Closing the Word Gap with Big Word Club: Evaluating the Impact of a Tech-Based Early Childhood Vocabulary Program

Fieldwork by:
Location:
United States (Multiple Locations)
Sample:
818 students from 72 participating preschool and Kindergarten classrooms at 47 schools
Timeline:
2017 - 2018
Target group:
  • Students
Outcome of interest:
  • Student learning
Intervention type:
  • Early childhood education
AEA RCT registration number:
AEARCTR-0002631
Data:
OPEN ICPSR
Partners:

Vocabulary is critical to literacy development in early childhood, yet large disparities in vocabulary knowledge persist between children from high-income and low-income backgrounds. In a randomized evaluation, researchers evaluated the Big Word Club, a classroom-based digital learning program designed to increase the vocabulary of young children, to assess the program’s impact on children’s receptive vocabulary. Researchers found that the Big Word Club increased students’ knowledge and retention of words included in the program.

Policy issue

Vocabulary is a key component of literacy development for young children. A growing body of research suggests that vocabulary is critical to language development, reading comprehension, and development of knowledge in specialized areas. However, research suggests that there are substantial differences in vocabulary knowledge between children from high-income and low-income backgrounds by the age of three.1 By the end of grade 2, on average children have acquired around 6,000 words and those in the highest vocabulary quartile have acquired around 8,000 words. However, children in the lowest vocabulary quartile have acquired only around 4,000 words. This gap of 2,000 words is roughly equivalent to two grade levels in vocabulary development.2 Can digital vocabulary learning programs increase vocabulary acquisition in early childhood?

Context of the evaluation

Big Word Club is a classroom-based digital literacy program intended to increase the vocabulary of children in preschool through sixth grade as a supplement to the normal classroom literacy curriculum. The program uses animated books, songs, and dance activities that introduce children to one new word per day over the course of a school year, with classroom materials customized by grade level. Some of the words are “big” in that they are not typically in the vocabulary of such young children. For example, Big Word Club words at the preschool level include gargantuan, primate, prehensile, equator, and slither. The program’s content is delivered to teachers on a web-based platform.

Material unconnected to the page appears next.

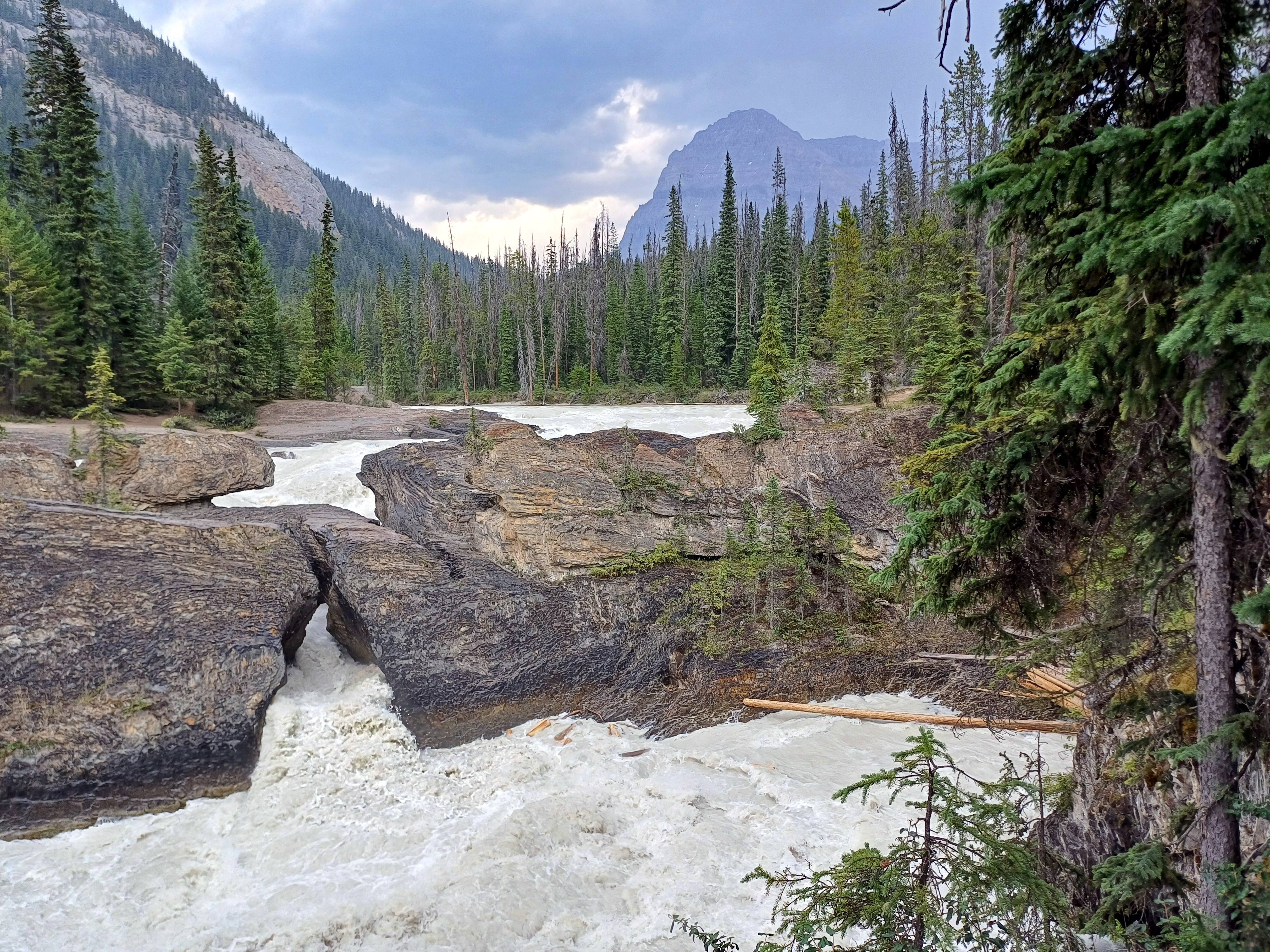 Como toda tormenta no dura demasiado, bajando del Emerald Lake ya apenas llovía y eso nos permitió hacer una pequeña parada antes de volver a nuestro camping para ver el Natural Bridge, que está cerca del lago. El Natural Bridge es un capricho de la naturaleza en el que el agua fuerte del río ha tallado la roca de tal forma que se cuela por debajo, formando una especie de puente natural de roca. No se puede pasar por él, por supuesto, ¡no está tan bien tallado!

Students participate in a Big Word Club activity
Students participate in a vocabulary learning activity through the Big Word Club.

Details of the intervention

Researchers conducted a randomized evaluation of Big Word Club to assess the program’s impact on receptive vocabulary, which is the set of words a student can understand and to which a student can respond. Teachers in 72 preschool and kindergarten classrooms across 47 schools in the southwestern United States volunteered to participate in the evaluation for the 2017-2018 school year.

Researchers randomly assigned each school to either a treatment or control group. Teachers at schools assigned to the treatment group received access to the Big Word Club website. For each week in the school year the Big Word Club website provides five videos arranged around a common theme that introduce each word for each day. It also provides one animated digital book, one animated music video, and one dance video—all of which include the five words for that week. The last video for each week is a review of the week’s words. Each video takes 1-4 minutes. Teachers at schools assigned to the control group proceeded with business as usual with no access to the Big Word Club website. The Big Word Club program started in November 2017 and continued through the duration of the school year.

Researchers administered a customized vocabulary assessment at two periods during the school year, first after 17 weeks of the intervention in March 2018 and second after 25 weeks of the intervention in May 2018. The researchers designed the assessment based on the Peabody Picture Vocabulary Test (PPVT-4), a common measure used in research on early childhood literacy, but customized the assessment to include 38 Big Word Club words to test for children’s knowledge and retention of Big Word Club words. To assess students’ overall receptive vocabulary, researchers also administered a standardized version of the PPVT at the same time as the 25-week customized Big Word Club assessment.

At the time of the 25-week assessments, researchers gave teachers from both the control and treatment groups a survey that asked about characteristics of students in their classroom. The treatment group teachers were additionally asked about their usage of the Big Word Club program and their opinions about several aspects of the program. Researchers also tracked when teachers logged in to the Big Word Club platform, which they used as an approximation for how much teachers used the Big Word Club.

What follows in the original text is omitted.